“It is yours?” said he, tossing it to Manius.
“I—I had not observed,” said the other, nervously, “It is part of the girdle I wear in deference to the people among whom I live. How came you by it?”
“Fox! Your cunning will not save you. Tell me first how you escaped the peril into which you had drawn me.”
“I do not understand you.”
“But I understand you,” said Vergilius, with anger. “There are but two places in the world for you. One is beyond the boundaries of Rome, the other is the valley of Hinnom.” Having said which, he turned, quickly, and left the assessor’s palace.
Arria and her brother were far from the shores of Hellas and near the Isle of Doom. Tepas knew that a few leagues more would bring him in sight of the familiar cliffs. Brother and sister were reclining on the deck of their trireme. The tenth day of their journey was near its end. The sun had sunk through misty depths of purple, and now seemed to melt and pour a flood of fire upon the waters.
“I am weary,” said the girl, looking thoughtfully at the calm sea.
“Of me?” said her brother.
“Nay, but of that groaning of the rowers. It tells me of aching arms in the galley. I cannot sleep at night, hearing it.”
Appius laughed with amusement. “Little fool!” said he. “The slaves of Tepas are all Jews.”
“But they are men,” said the beautiful girl; “and do you not understand, dear brother? I love a man.”
“Love!” exclaimed Appius, with contempt, “’Tis only as the longing of the bird for its mate.”
“Nay, I would give all for him I love.”
“Not all,” said he, with a look of surprise.
“Yes, all—even you, and my mother, and my home, and my country, and my life—I am sick with longing. And when I think of him I cannot bear to see men suffer.”

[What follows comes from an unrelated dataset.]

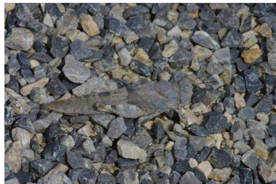
Abbildung 4: Ein Weibchen der im Kiesbett hervorragend getarnten Sphingonotus caerulans (Linné, 1767), der Blauflügeligen Sandschrecke

Beim Besuch des Schlosses Hof und beim Lustwandeln im schönen Barockgarten im August 2011 flog plötzlich auf den weiten Kiesflächen eine unscheinbare Heuschrecke vor uns auf und ließ sich kurz darauf wieder nieder. Irgendwie schien auch ein bläulicher Farbton im Flug aufzublitzen und so war unsere Neugierde geweckt. Kurz darauf flog eine zweite Heuschrecke auf und damit war die Pirsch eröffnet. Vergessen waren für einen Moment die schönen Gartenanlagen. Weitere Heuschrecken folgten und diesmal merkten wir uns den Landeplatz.

“You are gone mad,” said Appius, “and I pray the gods to bring you back. It may be the fair Vergilius forgets you.”
She turned, quickly, and her voice trembled as she whispered: “Nay, he also has the great love in him. He could not forget.”
Cyran, the pretty slave-girl, came soon with their evening repast. Arria bade her sit beside them.
“Tell us, dear Cyran,” said the Roman beauty—“tell us a tale of old Judea.”
“Beloved mistress,” said Cyran, kneeling by the side of Arria and kissing the border of her robe, “listen; I will tell you of the coming of the great love. Long ago there was a maiden of Galilee so beautiful that many came far to see her. Now, it so befell, there came a certain priest, young and fair to look upon, who did love her and seek her hand in marriage. And she loved him, even as you love, but would not wed him. O my good mistress! She knew that a mighty king was coming, and she was held of a great hope that God would choose her for the blessed mother. And, still loving the priest, she kept herself pure in thought and deed. Every day they saw each other, but stayed apart, and their love grew holier the more it was put down. And oh, it was a wonder! for it filled their hearts with kindness and sent their feet upon errands of mercy. And many years passed, and one day they sat together.